Work order
Please repeat nothing except the lines from the one containing "Diese haben sehr" through the end of the records, exactly and without pictures.

═══ Entries provided

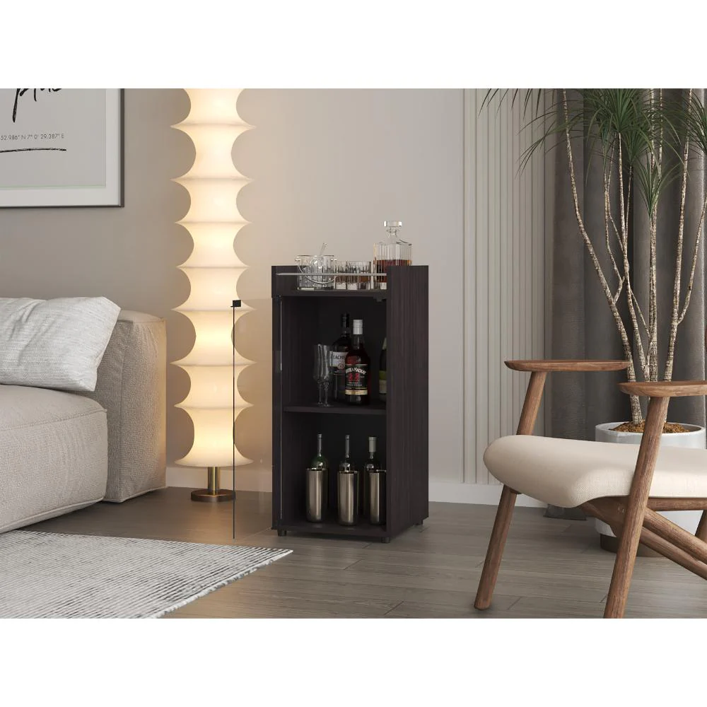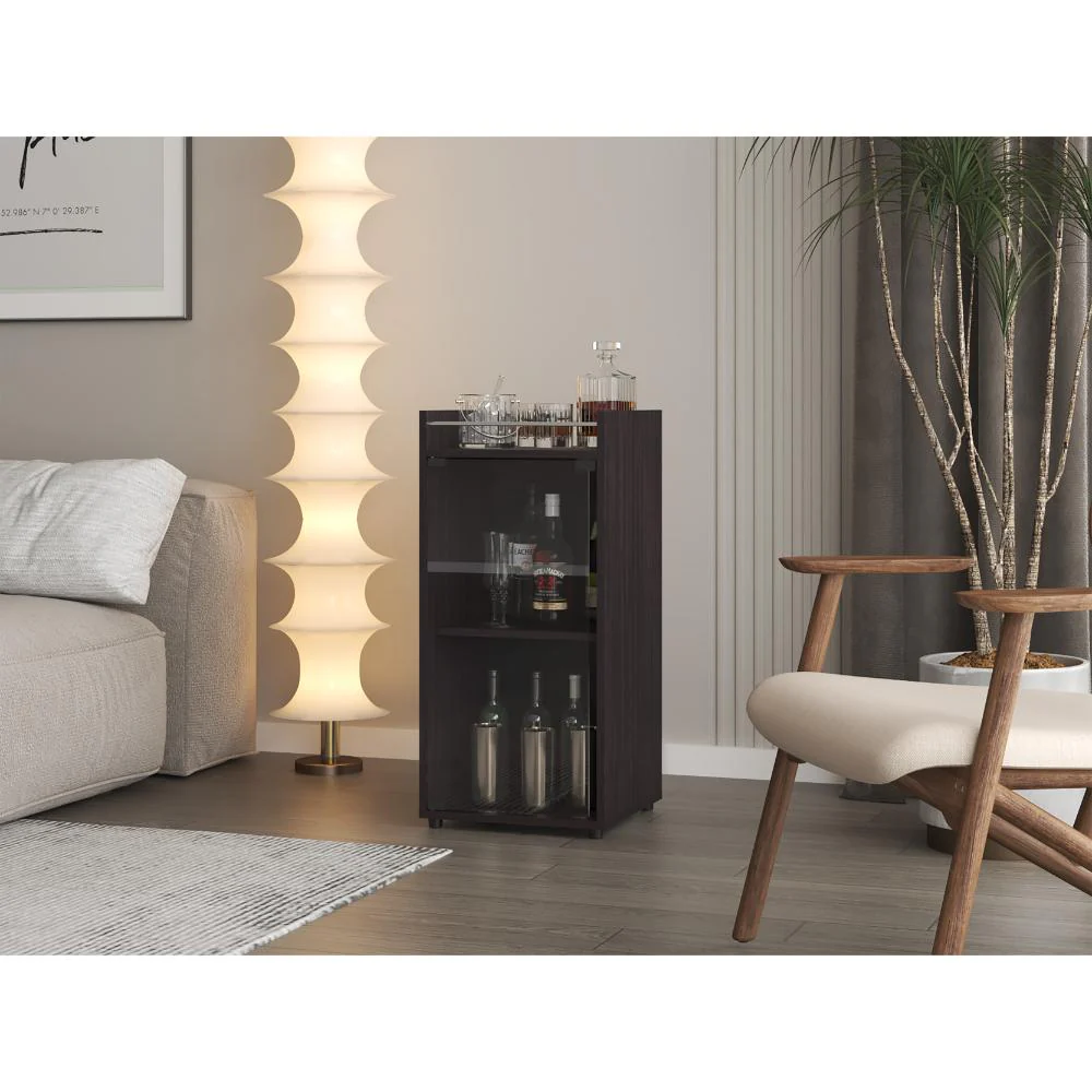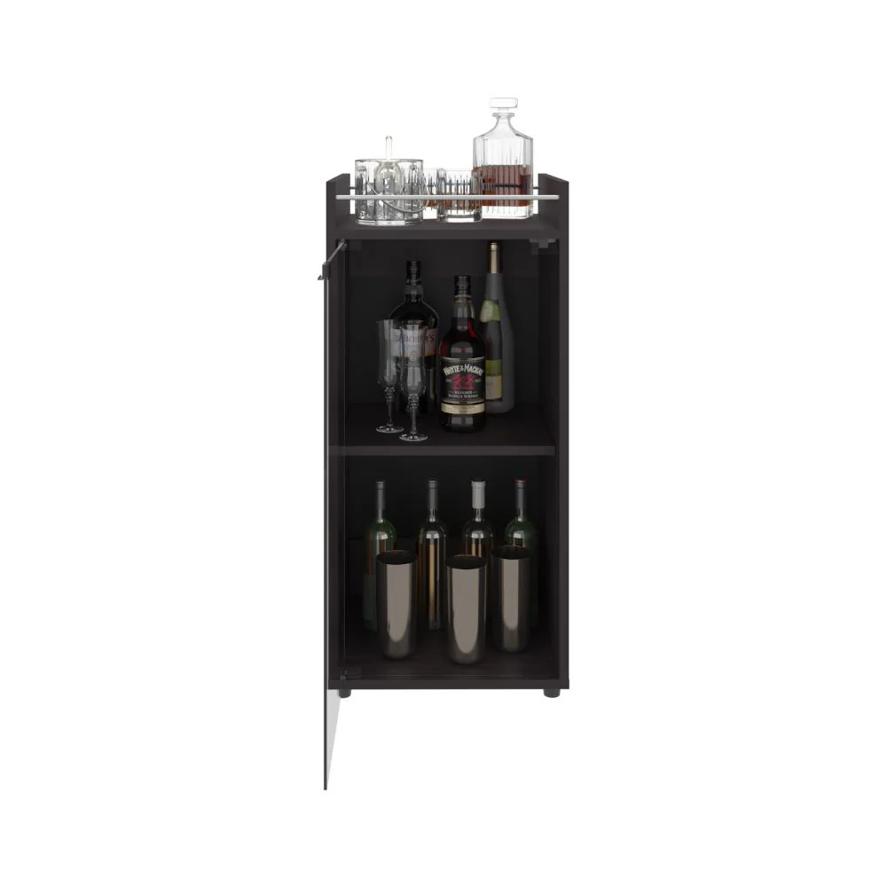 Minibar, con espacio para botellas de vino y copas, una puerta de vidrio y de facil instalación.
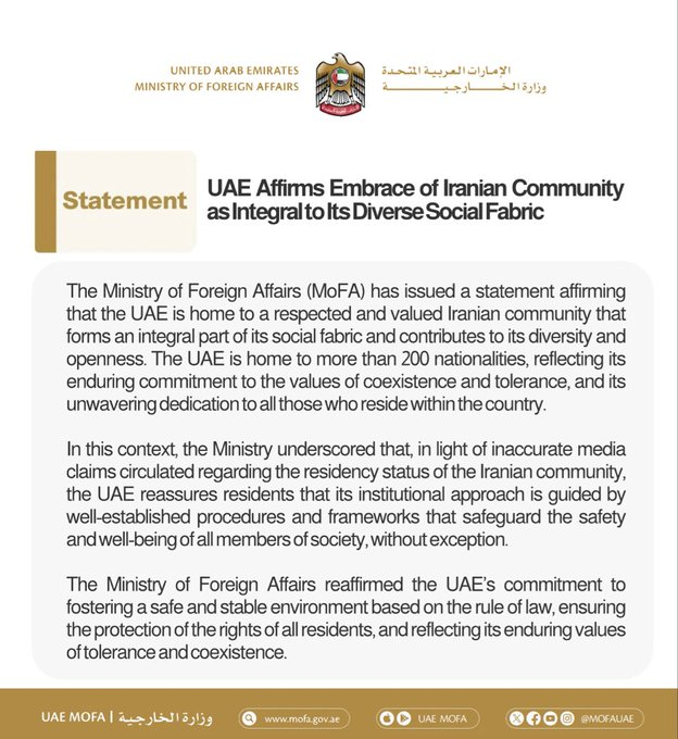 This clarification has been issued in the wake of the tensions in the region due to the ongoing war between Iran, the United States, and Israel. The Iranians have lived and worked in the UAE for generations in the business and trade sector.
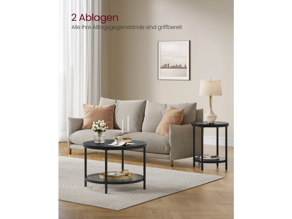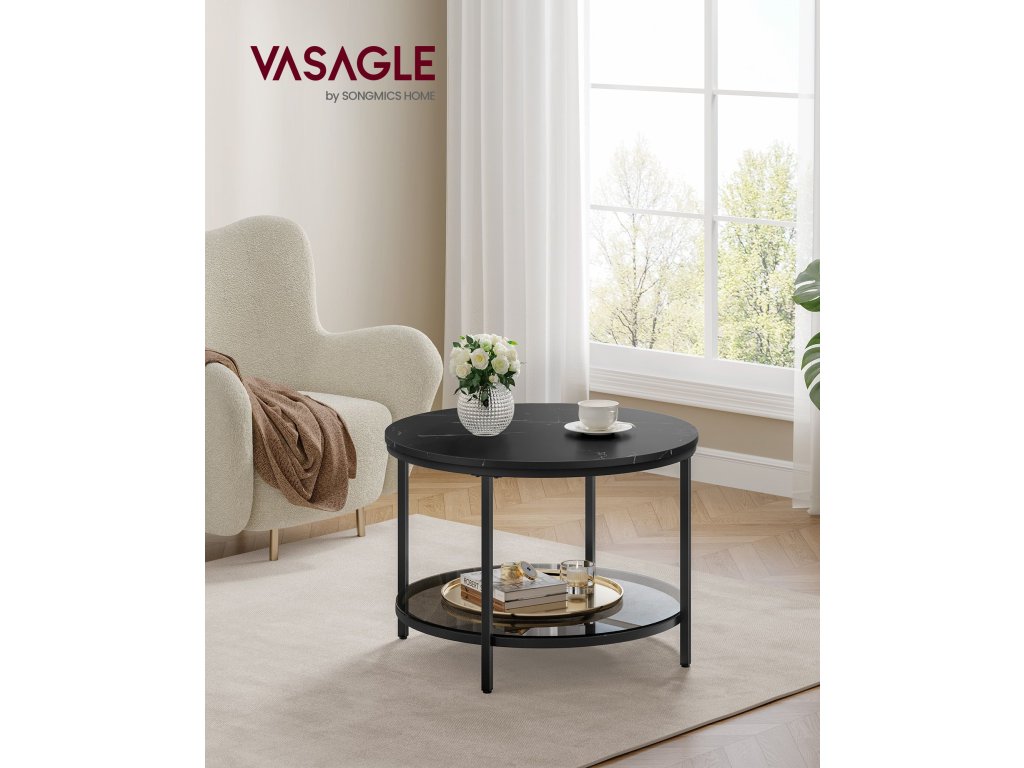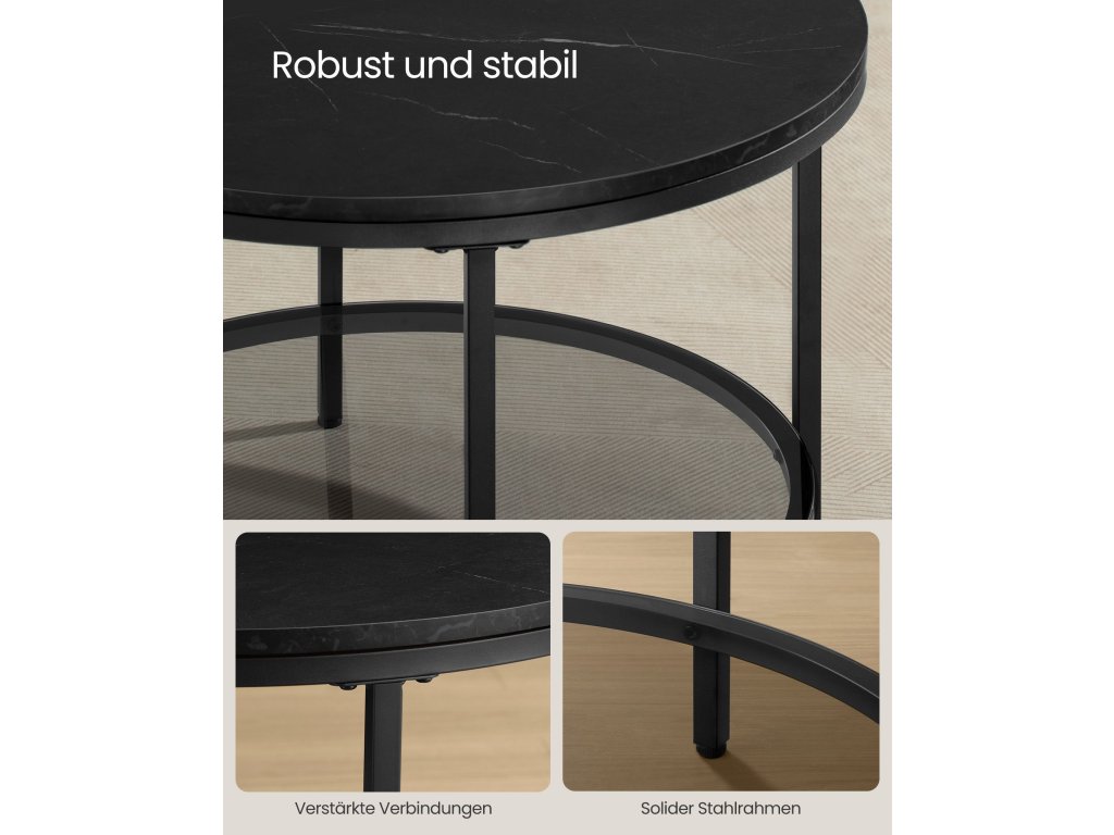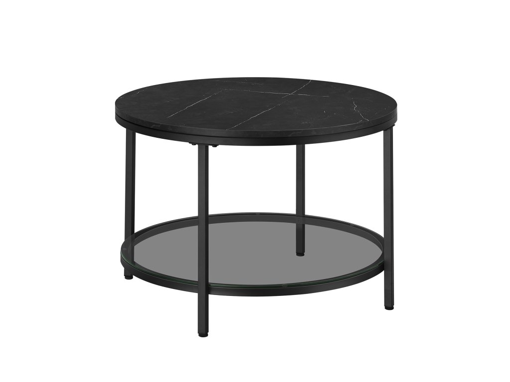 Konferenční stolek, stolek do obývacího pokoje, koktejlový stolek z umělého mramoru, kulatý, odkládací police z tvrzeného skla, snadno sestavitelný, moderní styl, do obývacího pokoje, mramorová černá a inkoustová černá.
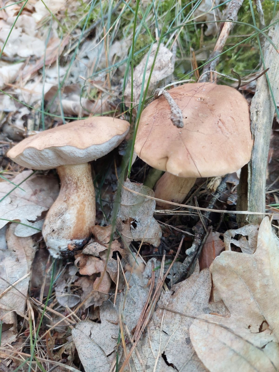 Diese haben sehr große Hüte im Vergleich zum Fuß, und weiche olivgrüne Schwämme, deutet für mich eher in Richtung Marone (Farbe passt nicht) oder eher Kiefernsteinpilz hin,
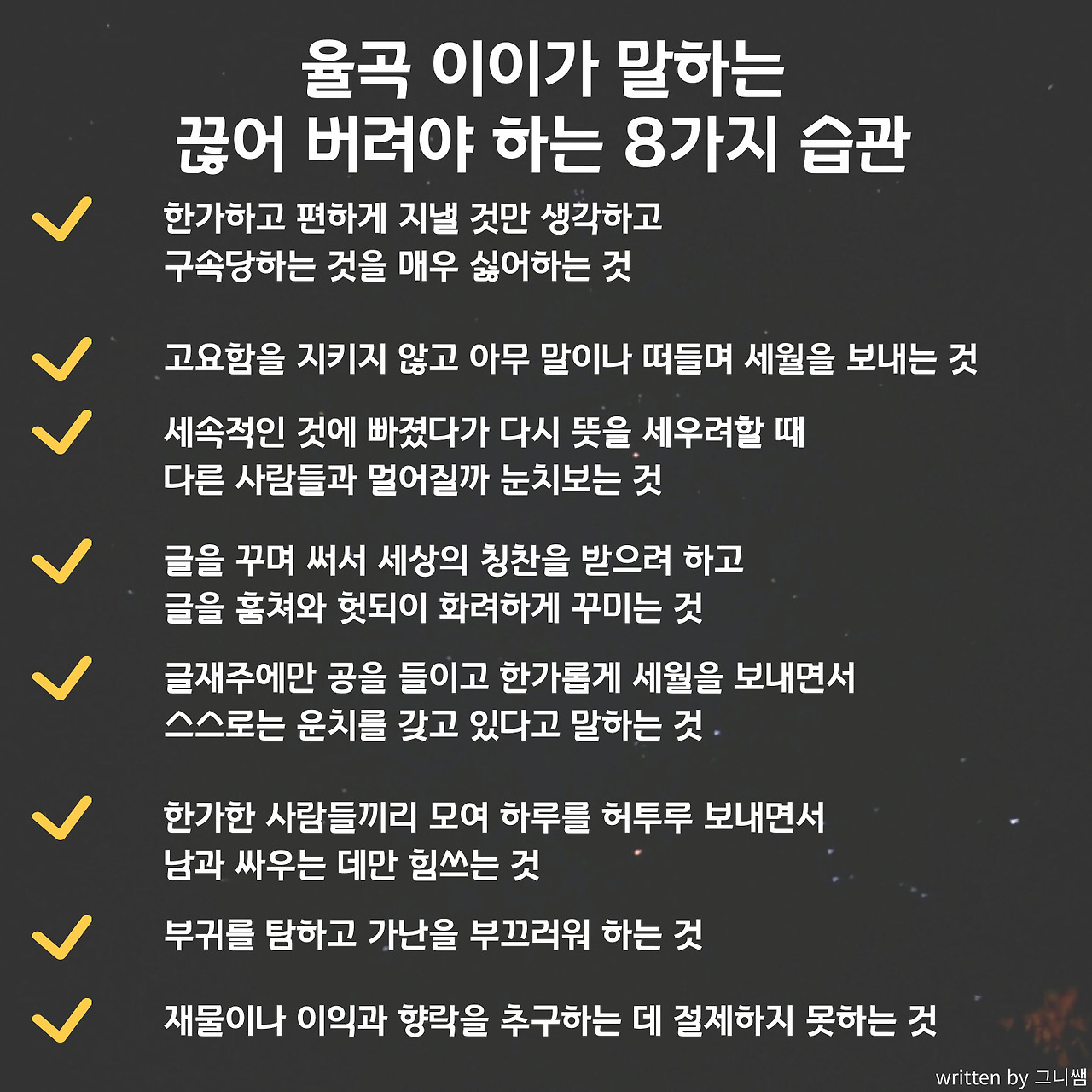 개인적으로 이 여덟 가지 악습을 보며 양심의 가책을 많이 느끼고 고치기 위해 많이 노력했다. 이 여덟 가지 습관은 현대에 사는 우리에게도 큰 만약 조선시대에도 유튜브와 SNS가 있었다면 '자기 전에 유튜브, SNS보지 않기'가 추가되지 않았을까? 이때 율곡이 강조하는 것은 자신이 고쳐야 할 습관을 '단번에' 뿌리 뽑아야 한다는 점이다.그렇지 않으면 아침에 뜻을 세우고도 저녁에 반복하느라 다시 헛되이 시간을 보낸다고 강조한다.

══════

Answer space
 Diese haben sehr große Hüte im Vergleich zum Fuß, und weiche olivgrüne Schwämme, deutet für mich eher in Richtung Marone (Farbe passt nicht) oder eher Kiefernsteinpilz hin,
 개인적으로 이 여덟 가지 악습을 보며 양심의 가책을 많이 느끼고 고치기 위해 많이 노력했다. 이 여덟 가지 습관은 현대에 사는 우리에게도 큰 만약 조선시대에도 유튜브와 SNS가 있었다면 '자기 전에 유튜브, SNS보지 않기'가 추가되지 않았을까? 이때 율곡이 강조하는 것은 자신이 고쳐야 할 습관을 '단번에' 뿌리 뽑아야 한다는 점이다.그렇지 않으면 아침에 뜻을 세우고도 저녁에 반복하느라 다시 헛되이 시간을 보낸다고 강조한다.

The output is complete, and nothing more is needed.